Les Gafa n’échapperont plus à l’impôt

L’OCDE peine à rassembler des Etats désireux de taxer au plus vite les services digitaux.
Annick Masounave
Google
La Commission veut taxer les Gafa (Google, Amazon, Facebook, Apple) à hauteur de 3 % de leurs revenus.  -  Bloomberg

C’est un fait, l’âge d’or de la fiscalité zéro, pour les multinationales du numérique, a pris fin. La Commission européenne estime que le taux d’imposition effectif des entreprises numériques dans l’Union européenne (UE) est inférieur de moitié à celui des entreprises traditionnelles (voir l’illustration), avec la bénédiction de quelques Etats membres. La fiscalité de sept d’entre eux, jugée agressive, a été dénoncée dans le cadre du « semestre européen ».
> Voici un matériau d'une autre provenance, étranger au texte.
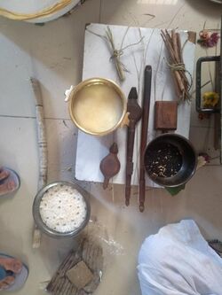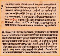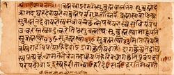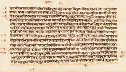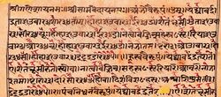 The Brahmanas are particularly noted for their instructions on the proper performance of rituals, as well as explanations on the symbolic importance of sacred words and ritual actions.[17] Academics such as P. Alper, K. Klostermaier and F.M, Muller state that these instructions insist on exact pronunciation (accent),[18] chhandas (छन्दः, meters), precise pitch, with coordinated movement of hand and fingers – that is, perfect delivery.[19][20] Klostermaier adds that the Satapatha Brahamana, for example, states that verbal perfection made a mantra infallible, while one mistake made it powerless.[19] Scholars suggest that this orthological perfection preserved Vedas in an age when writing technology was not in vogue, and the voluminous collection of Vedic knowledge were taught to and memorized by dedicated students through Svādhyāya, then remembered and verbally transmitted from one generation to the next.[19][21] It seems breaking silence too early in at least one ritual is permissible in the Satapatha (1.1.4.9), where 'in that case mutter some Rik [Rigveda] or Yagus-text [Yajurveda] addressed to Vishnu; for Vishnu is the sacrifice, so that he thereby regains obtains a hold on the sacrifice, and penance is there by done by him'.[22]
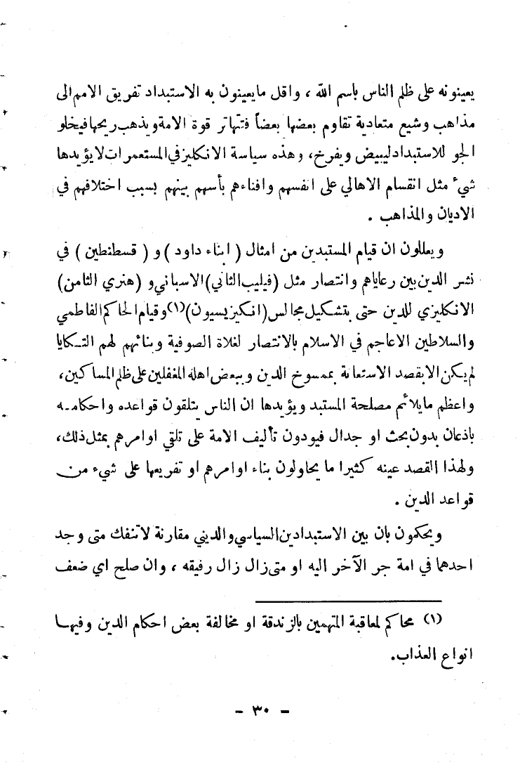 يعينونه على ظلم النَّاس باسم الله، وأقلُّ ما يعينون به الاستبداد، تفريق الأمم إلى مذاهب وشيع متعادية تقاوم بعضها بعضاً، فتتهاتر قوَّة الأمّة ويذهب ريحها، فيخلو الجوّ للاستبداد ليبيض ويُفرِّخ، وهذه سياسة الإنكليز في المستعمرات، لا يُؤيِّدها شيء مثل انقسام الأهالي على أنفسهم، وإفنائهم بأسهم بينهم بسبب اختلافهم في الأديان والمذاهب.
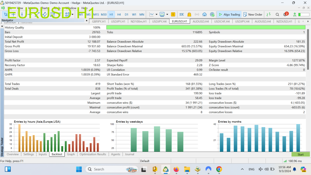 To increase trade accuracy, the EA uses multiple confirmation indicators, such as RSI and moving averages. These indicators provide an extra layer of validation, ensuring that each trade aligns with the overall market trend.
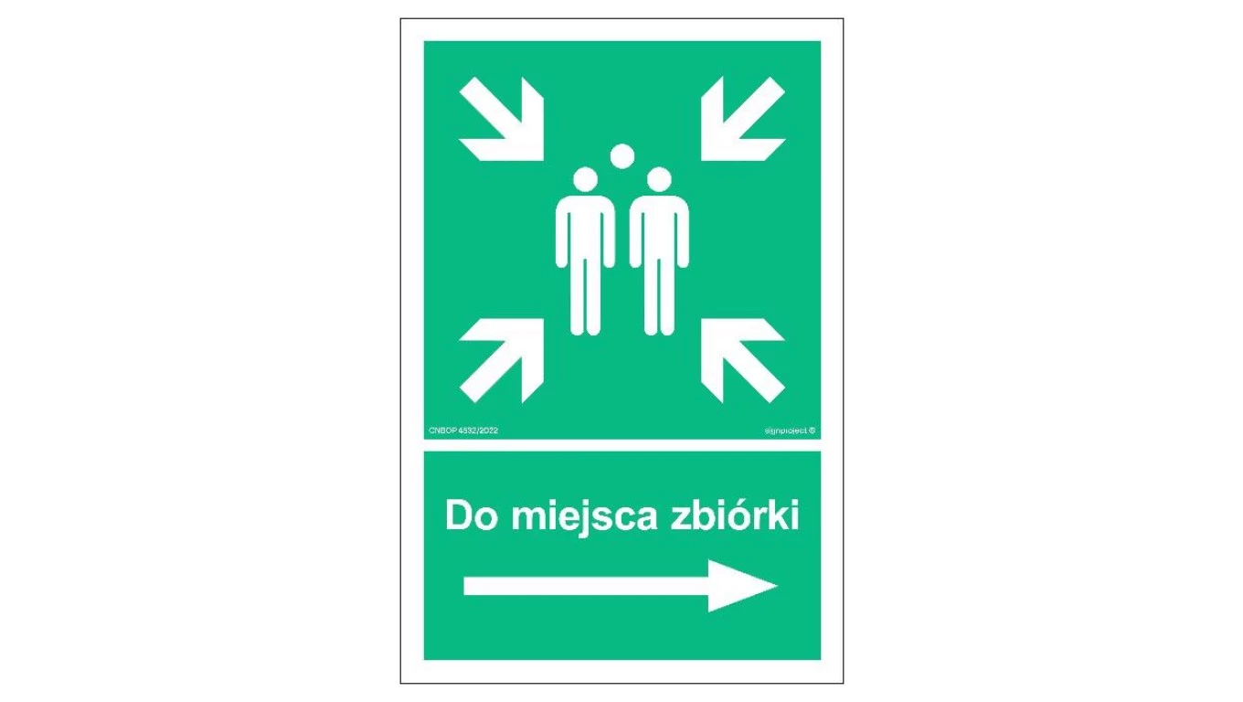 ZNAK - AC042 Do miejsca zbiórki w prawo 25 x 37,5 cm TS - Płyta TD foto.

Certains accords fiscaux ont fait l’objet d’enquêtes de la part de la Commission, qui les a dans certains cas condamnés. C’est le cas de l’Irlande, à qui Bruxelles a demandé en août 2016 de récupérer 13 milliards d’euros auprès d’Apple. Un constat qui a poussé la Commission à relancer le projet d’assiette d’imposition commune dès octobre 2016. Le 15 mars, le Parlement européen s’est prononcé en faveur de l’harmonisation de l’assiette fiscale, et de la mise en place d’un guichet d’imposition unique pour les multinationales. L’un des enjeux de cette réforme est la mise à jour de la définition d’un établissement permanent. Historiquement liée à une présence physique, cette notion ne correspond pas au fonctionnement de l’économie digitale, par essence délocalisable.

Bruxelles a souhaité adopter des mesures de court terme, en introduisant une taxe indirecte sur les revenus générés par les activités digitales. L’Italie et le Royaume-Uni ont déjà adopté des mesures afin de taxer qui les transactions BtoB, qui les royalties. La Commission justifie cette mesure de court terme par la volonté de proposer un cadre réglementaire harmonisé et une sécurité juridique à ceux des Etats membres qui souhaiteraient légiférer sans attendre.

Ce projet de taxe sur les services digitaux (DST) a été présenté le 21 mars, il devrait, selon la Commission, concerner quelques centaines d’entreprises. « Dans le meilleur des cas, la taxe ne serait pas mise en œuvre avant le 1er janvier 2020. En parallèle, nous serons en train de stabiliser les derniers paramètres de la solution de long terme », selon Valère Moutarlier, directeur fiscalité directe, coordination fiscale, analyse économique et évaluation à la Direction générale Fiscalité et Union douanière de la Commission. « Les prochaines échéances permettront de savoir si un consensus à 27 est possible. Tout va se jouer d’ici au mois de juin, à l’occasion du sommet des chefs d’Etat, le 23 mars, et du sommet Ecofin informel, le 24 avril », poursuit-il. Bien que la Commission n’y soit pas favorable, certains Etats n’excluent pas de recourir à une procédure de coopération renforcée. « L’objectif est de mettre le pied à l’étrier avec un projet réaliste, qui sera affiné dans le temps. Nous savons que certains Etats sont opposés au projet. Nous espérons cependant que le contexte va nous aider à emporter leur adhésion », précise-t-on à Bercy.

Des réformes en ordre dispersé

Au niveau international, le G20 a placé les travaux sous l’égide de l’OCDE (Organisation de coopération et de développement économiques). Cent treize juridictions collaborent à la définition d’un cadre visant à encadrer l’optimisation fiscale, qui chaque année prive les Etats de 250 milliards de dollars de recettes fiscales. L’organisation voit d’un mauvais œil des réformes qui désormais avancent en ordre dispersé. « Nous prenons acte de la volonté de l’Union européenne d’inscrire ses travaux de long terme dans le cadre des travaux de l’OCDE », a déclaré Pascal Saint-Amans, directeur du Centre de politique et d’administration fiscales (CTP) de l’OCDE. Outre la Commission européenne, l’IRS (Internal Revenue Service) américain devrait prochainement publier ses propres règles. L’Inde a déjà mis en place un prélèvement visant à équilibrer le taux d’imposition effectif des entreprises du numérique fin 2017.

Dans le pré-rapport remis le 16 mars aux ministres du G20 Finances, l’OCDE s’est contentée de décrire les différentes pistes encore à l’étude. Les échanges ne permettent pas aujourd’hui de dégager un consensus sur la définition même d’établissement numérique, socle de toute réforme fiscale. De même, la collecte de données personnelles, créatrice de valeur pour certains, est considérée par d’autres – dont les Etats-Unis – comme une simple étape du processus de production. L’OCDE prévoit de publier des propositions concrètes en 2020. « Nous espérons parvenir à un consensus et devenir l’adulte dans la pièce », a conclu Pascal Saint-Amans.